The newspaper's contributors usually signed their articles with pseudonyms to avoid persecution by the federal and state government. Among these journalists, in addition to Neno Vasco, were Marcelo Varema, Jagunço, A Barão, Albino Moreira, João Penteado, Amaro de Matos, Manuel Moscoso, Eurípedes Floreal, José Martins and even Lima Barreto, the famous Rio writer and novelist. Lima wrote a chronicle, entitled "Words of an anarchist snob", taking a stand against the official repression promoted by the republican government against immigrants accused of anarchism.
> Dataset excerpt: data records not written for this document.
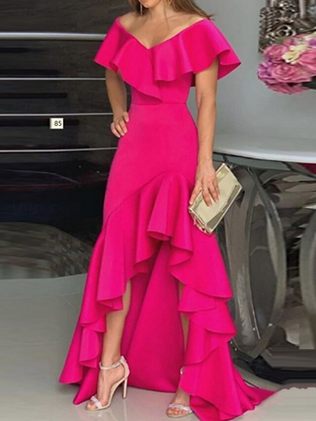 Kentucky Derby Women's Maxi Dress A Line Dress Summer Dress Puff Sleeve Dress Elegant Semi Formal Wedding Guest Engagement Cocktail Party Regular Fit Graphic Sleeveless V Neck Black Wine Blue Fuchsia 11
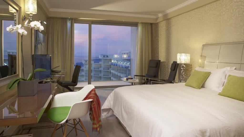 executive room sea view (skats uz jūru, vienistabas numurs, guļamistaba un viesistabas zona, 2 vienvietīgās vai 1 divvietīgā gulta (pēc pieprasījuma), papildu gulta – sofa, maks. 3 cilv., 48 m2);
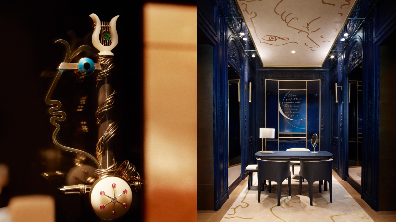 The Jean Cocteau Salon has a verse by the poet on a lacquered wooden panel, which reads: “Cartier, the subtle magician, who dangles slivers of the moon on a thread of sun.”
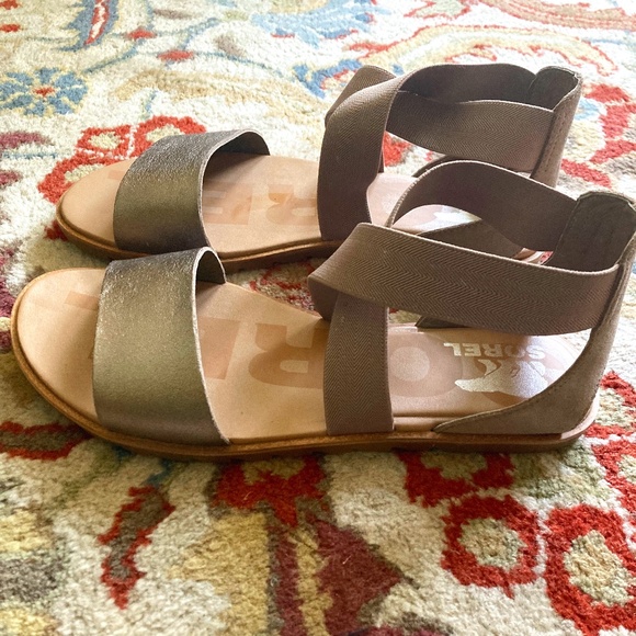 Size 9 and the color is ash brown. Sandals were worn twice so like new condition before I realized they didn't fit quite right. The strap across the toe is a little shimmery. Purchased new for $90.
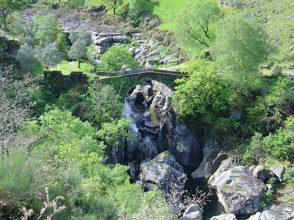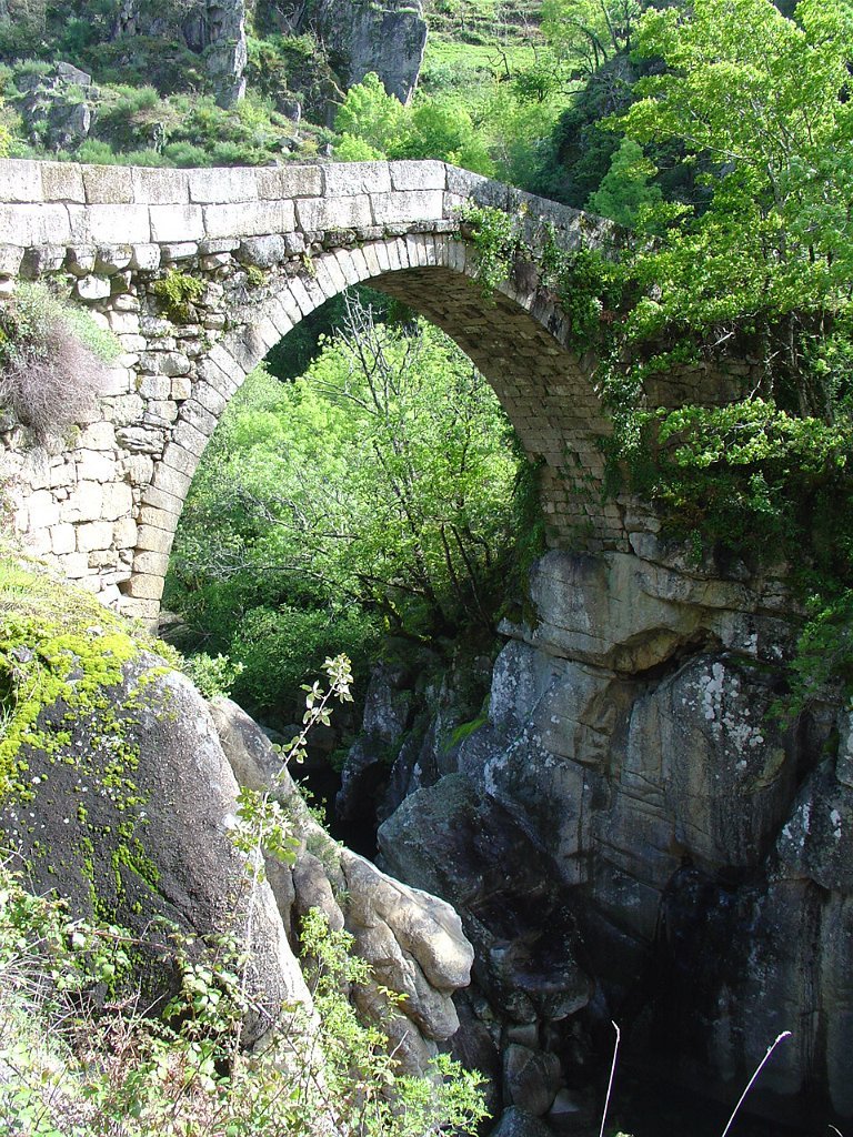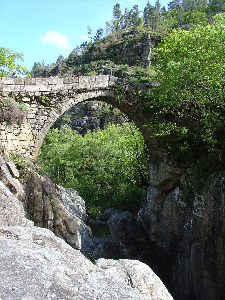 É uma ponte de arquitectura medieval, extravagante, louca, de um só arco, com mais de 13 m de vão, lançada com arrojo sobre dois rochedos, onde as águas do Rabagão se estreitam, vencendo a profunda ravina cortada na rocha do vale alcantilado, se despedaçam com fragor e saltam a grande altura, transformando-se em vaporosa chuva em dias de tenebrosas enchurradas que impressionam pelo rumor das águas, refervendo em sucessivas cachoeiras entre enormes penedos suspensos. Fica no fundo de um desfiladeiro alcantilado, a um quilómetro da confluência do Rabagão com o Cávado. Tão medonho e agreste é o sítio e tão severo o aspecto da ponte, que a vivíssima imaginação do povo não tardou a tecer-lhe lendas.

The aforementioned writer wrote the following lines, in the edition of A Voz do Trabalhador, dated May 15, 1913: "anarchists speak of humanity for humanity, of humankind for humankind, and not in the name of small competences of political personalities; (...) because they do not use those ignorances or 'snobbery' that give fat sinecures in politics and sentimental successes in bourgeois salons".

Although the militants of anarcho-syndicalism formed a minority, among immigrant workers and Brazilians, the political demands of this group were of paramount importance in the history of some basic labor conquests. The struggle for a daily eight-hour workday, in 1907, for example, started in Rio, ended up acquiring a national dimension. The political and police repression unleashed against supporters of anarchism in Brazil, at the beginning of the 20th century, was quite intransigent and brutal.